Well, sometimes the information is really not there, because it is buried in a lab book or it hasn’t really been taken because it wasn’t considered important. And the other point is even if the information is there, which I think is normal, then it is still work to get this into another format. It’s at least copy-and-paste from one system to another system, and it might mean some retyping of some information. So there is some additional effort. Of course [for] some large-scale labs, they just need to set up the appropriate export routine [once], and then this can be done many times and they can export the data in the right format from their internal representation, which they have anyway.

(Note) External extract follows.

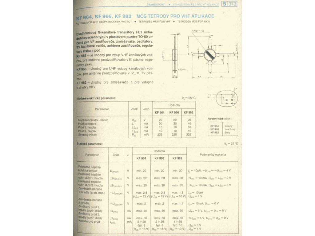 KF982 N MOSFET 20V/0,04A 0,3W 200MHz TO50 /BF982/ bílý proužek, k použití pro VHF směšovače a vstupní jednotkyDoplňkové parametry

But for small-scale labs, this is rarely the case. There is often not enough bioinformatics support, so it’s more or less a manual job. We as database providers consider that it’s our task to make this as painless as possible and we [make] a lot of effort to provide good tools to allow people to do this as efficiently as possible.
How far along are we in making this as seamless and painless as possible, even for the smaller labs?
It’s hard to say. The PRIDE database’s Proteome Harvest spreadsheet is really going a long way in making the submission process painless even for a small lab.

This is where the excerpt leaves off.